Task to complete — Do not copy the pictures. Write out the lines from the start of the entries through the line containing "Must see the".

[Dataset entries]
=== Begin Enclosure ===

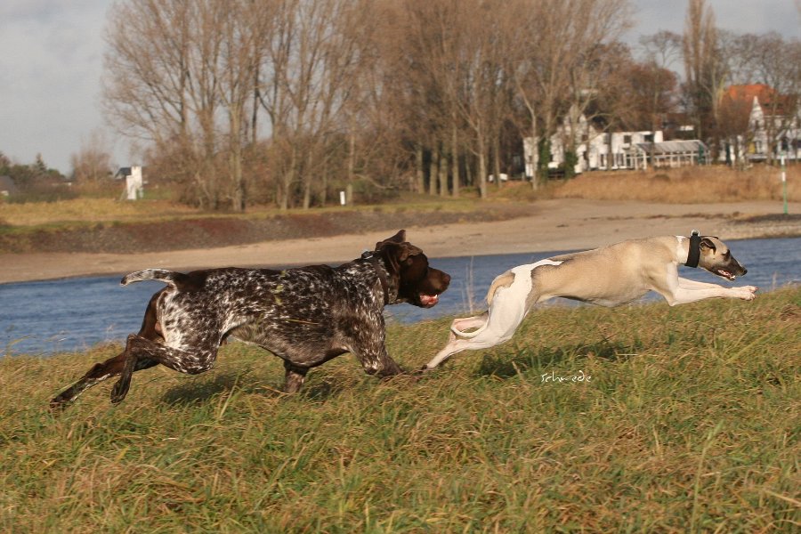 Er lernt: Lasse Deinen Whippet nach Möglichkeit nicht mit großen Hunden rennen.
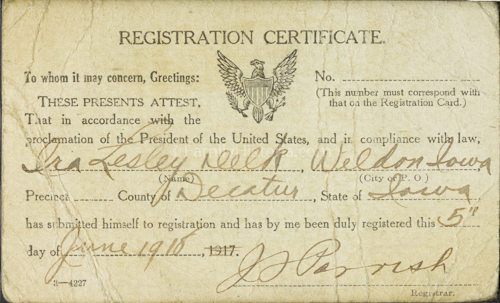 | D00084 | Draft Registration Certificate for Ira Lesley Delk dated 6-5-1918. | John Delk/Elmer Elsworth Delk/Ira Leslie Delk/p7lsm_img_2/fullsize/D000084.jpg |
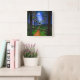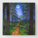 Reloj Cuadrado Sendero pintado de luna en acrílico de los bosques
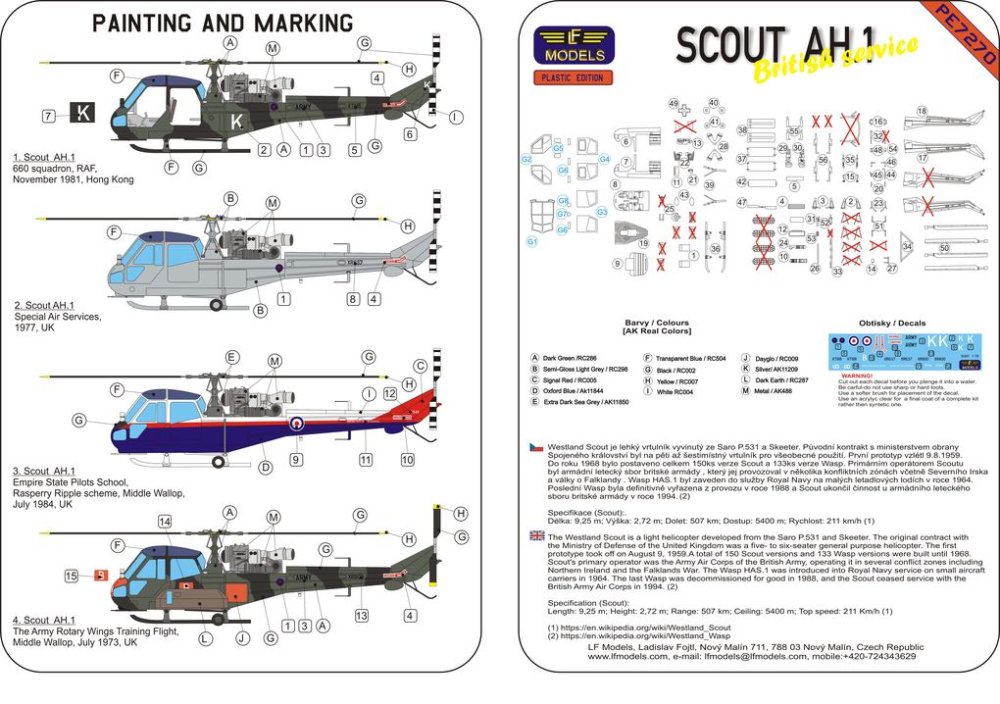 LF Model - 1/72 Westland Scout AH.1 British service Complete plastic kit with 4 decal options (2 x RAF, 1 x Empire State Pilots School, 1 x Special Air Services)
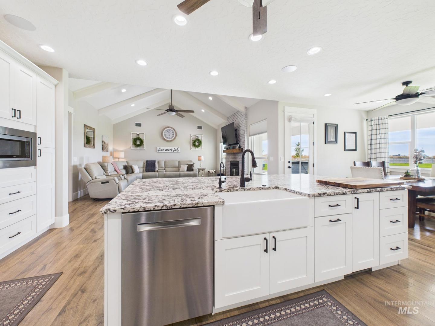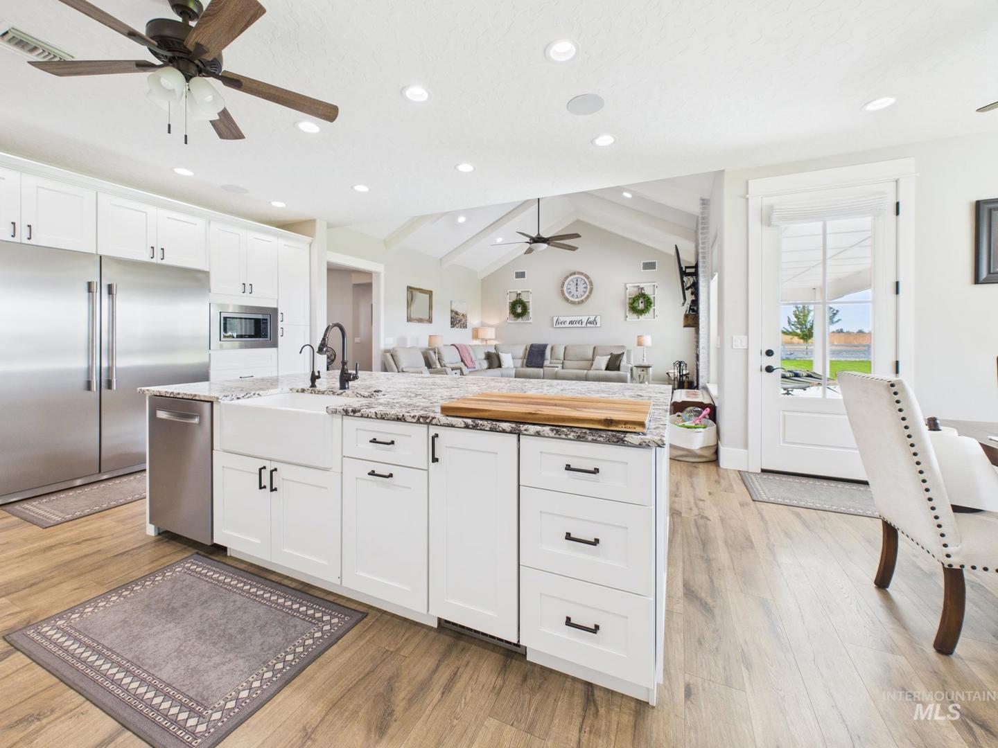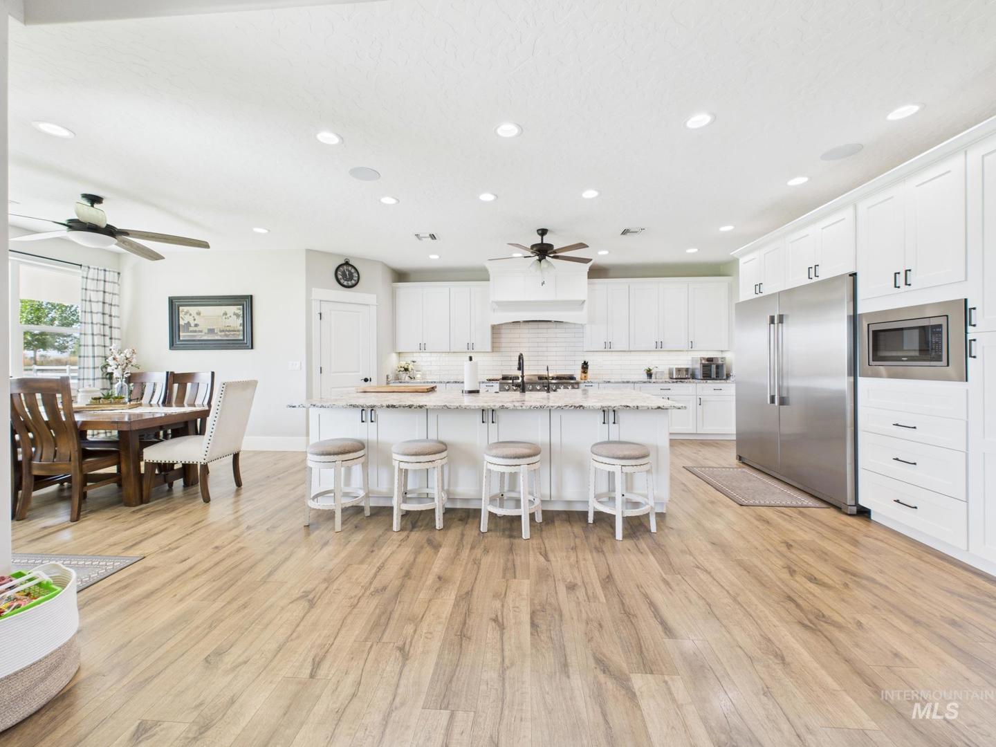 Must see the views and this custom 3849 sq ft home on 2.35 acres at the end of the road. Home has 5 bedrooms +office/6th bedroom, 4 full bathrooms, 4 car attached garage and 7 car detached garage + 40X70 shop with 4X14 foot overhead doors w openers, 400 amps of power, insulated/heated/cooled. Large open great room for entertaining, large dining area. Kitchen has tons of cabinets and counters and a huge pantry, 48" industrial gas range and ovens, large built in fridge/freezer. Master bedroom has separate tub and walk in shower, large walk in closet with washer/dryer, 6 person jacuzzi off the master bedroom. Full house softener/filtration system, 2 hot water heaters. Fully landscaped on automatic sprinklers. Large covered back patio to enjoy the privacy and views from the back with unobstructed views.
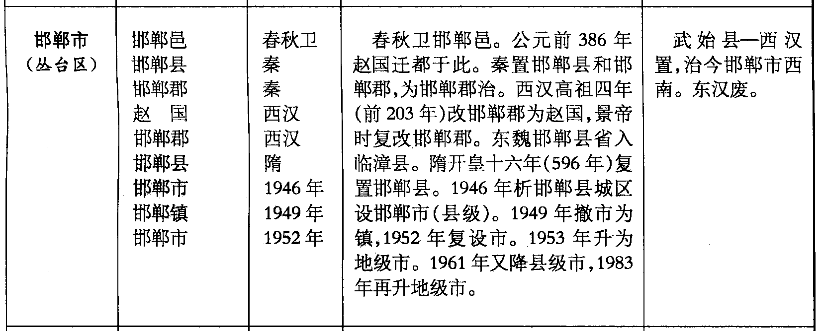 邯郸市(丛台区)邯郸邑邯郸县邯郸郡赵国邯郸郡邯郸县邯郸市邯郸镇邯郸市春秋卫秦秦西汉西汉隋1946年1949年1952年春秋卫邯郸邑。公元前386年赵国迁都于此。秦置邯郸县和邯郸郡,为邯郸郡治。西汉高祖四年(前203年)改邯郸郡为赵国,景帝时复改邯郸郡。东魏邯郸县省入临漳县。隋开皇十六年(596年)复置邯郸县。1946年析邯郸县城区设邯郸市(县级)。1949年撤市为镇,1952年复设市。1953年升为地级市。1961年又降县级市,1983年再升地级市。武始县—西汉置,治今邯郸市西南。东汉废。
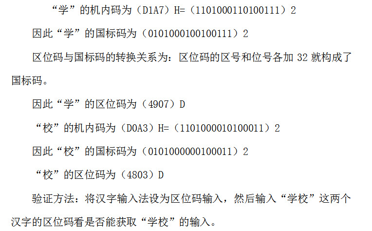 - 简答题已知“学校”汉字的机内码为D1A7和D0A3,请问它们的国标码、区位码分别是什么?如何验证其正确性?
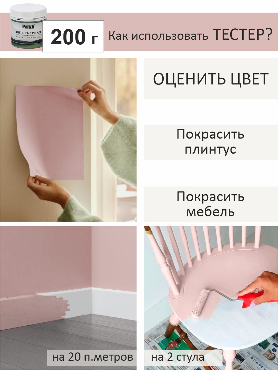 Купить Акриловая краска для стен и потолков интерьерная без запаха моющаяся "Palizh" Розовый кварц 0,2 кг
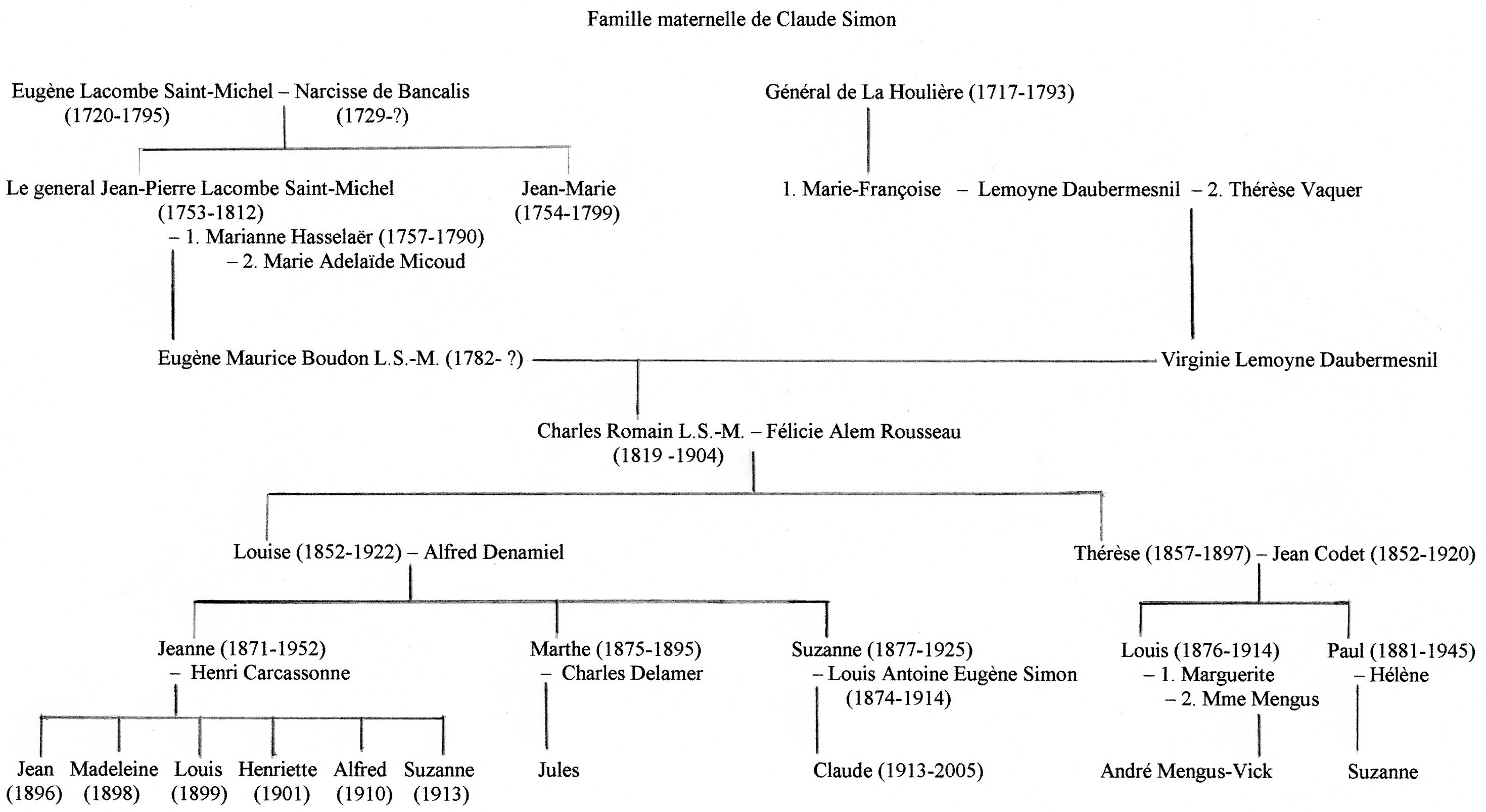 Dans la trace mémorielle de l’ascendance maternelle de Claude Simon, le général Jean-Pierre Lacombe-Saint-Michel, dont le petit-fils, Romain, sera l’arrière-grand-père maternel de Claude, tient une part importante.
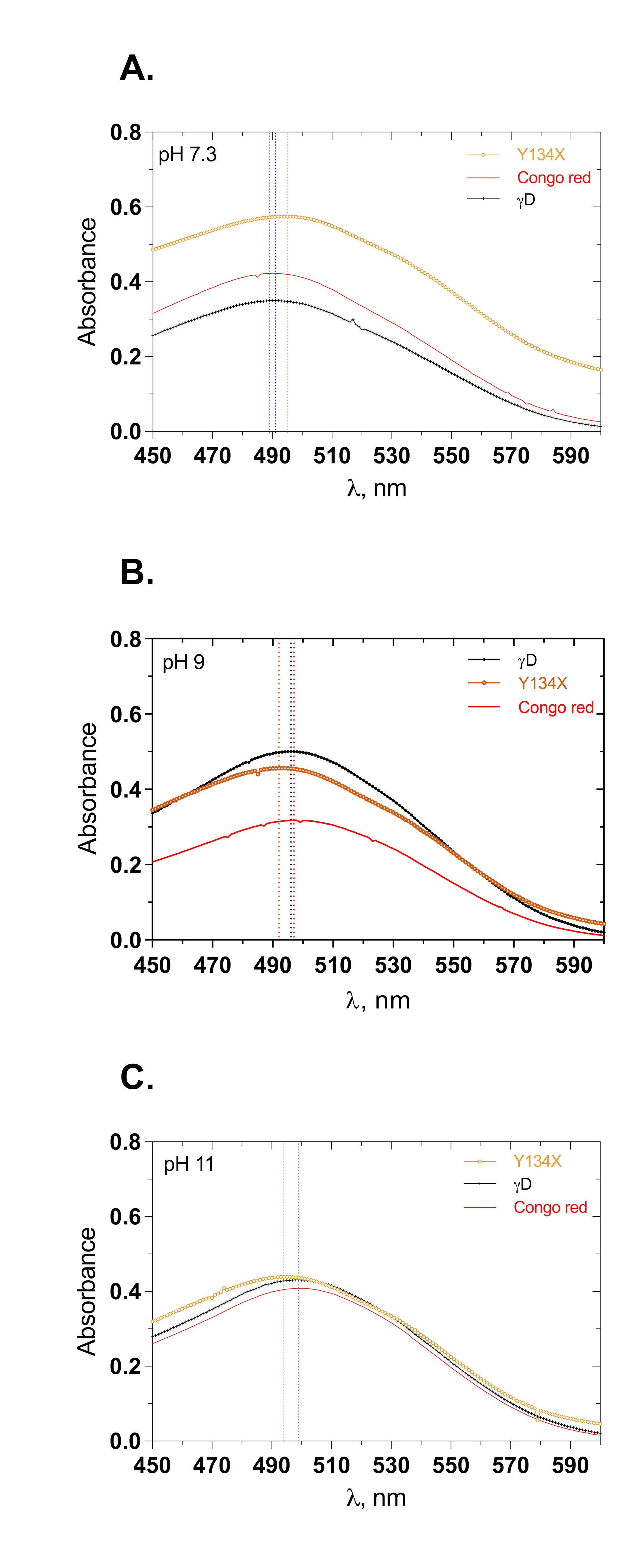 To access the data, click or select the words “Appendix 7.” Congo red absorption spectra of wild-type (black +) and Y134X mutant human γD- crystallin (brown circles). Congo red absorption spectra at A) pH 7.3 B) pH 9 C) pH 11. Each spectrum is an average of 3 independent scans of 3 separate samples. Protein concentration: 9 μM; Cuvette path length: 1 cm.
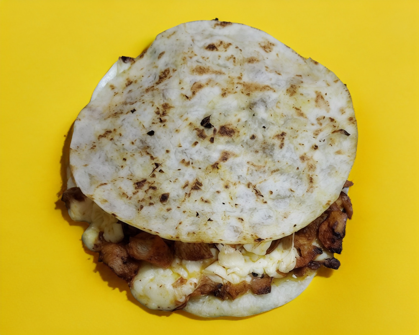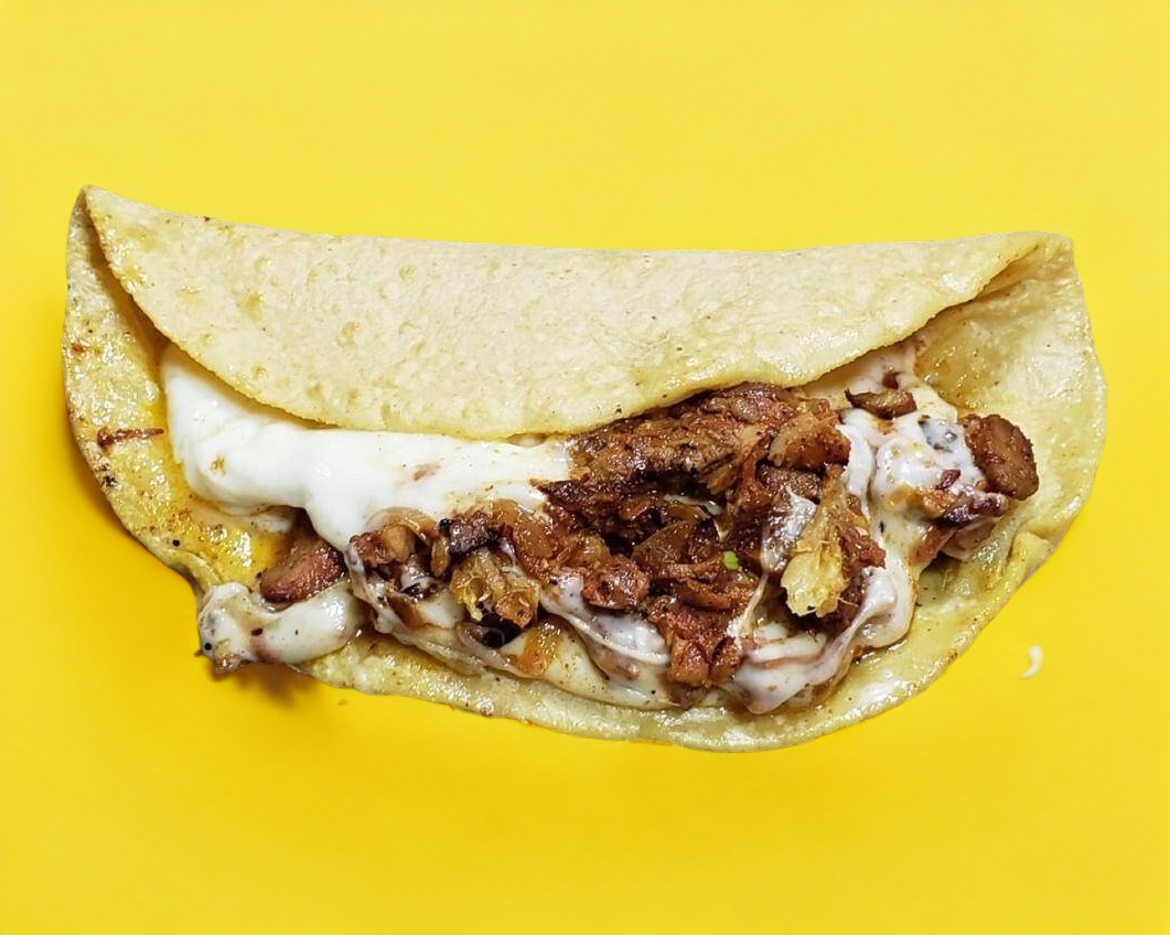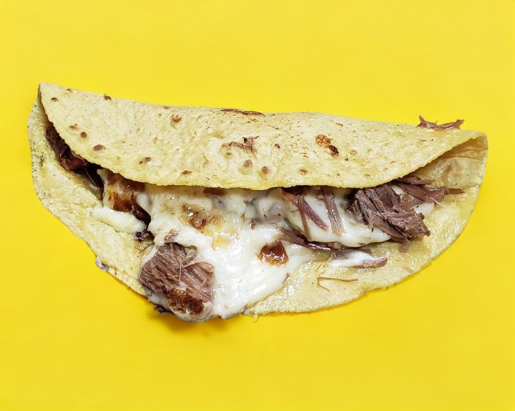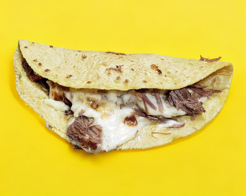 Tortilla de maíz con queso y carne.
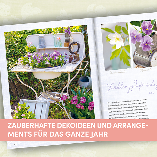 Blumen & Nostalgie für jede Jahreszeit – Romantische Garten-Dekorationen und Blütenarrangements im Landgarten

=== End Enclosure ===

Answer space —
 Er lernt: Lasse Deinen Whippet nach Möglichkeit nicht mit großen Hunden rennen.
 | D00084 | Draft Registration Certificate for Ira Lesley Delk dated 6-5-1918. | John Delk/Elmer Elsworth Delk/Ira Leslie Delk/p7lsm_img_2/fullsize/D000084.jpg |
 Reloj Cuadrado Sendero pintado de luna en acrílico de los bosques
 LF Model - 1/72 Westland Scout AH.1 British service Complete plastic kit with 4 decal options (2 x RAF, 1 x Empire State Pilots School, 1 x Special Air Services)
 Must see the views and this custom 3849 sq ft home on 2.35 acres at the end of the road. Home has 5 bedrooms +office/6th bedroom, 4 full bathrooms, 4 car attached garage and 7 car detached garage + 40X70 shop with 4X14 foot overhead doors w openers, 400 amps of power, insulated/heated/cooled. Large open great room for entertaining, large dining area. Kitchen has tons of cabinets and counters and a huge pantry, 48" industrial gas range and ovens, large built in fridge/freezer. Master bedroom has separate tub and walk in shower, large walk in closet with washer/dryer, 6 person jacuzzi off the master bedroom. Full house softener/filtration system, 2 hot water heaters. Fully landscaped on automatic sprinklers. Large covered back patio to enjoy the privacy and views from the back with unobstructed views.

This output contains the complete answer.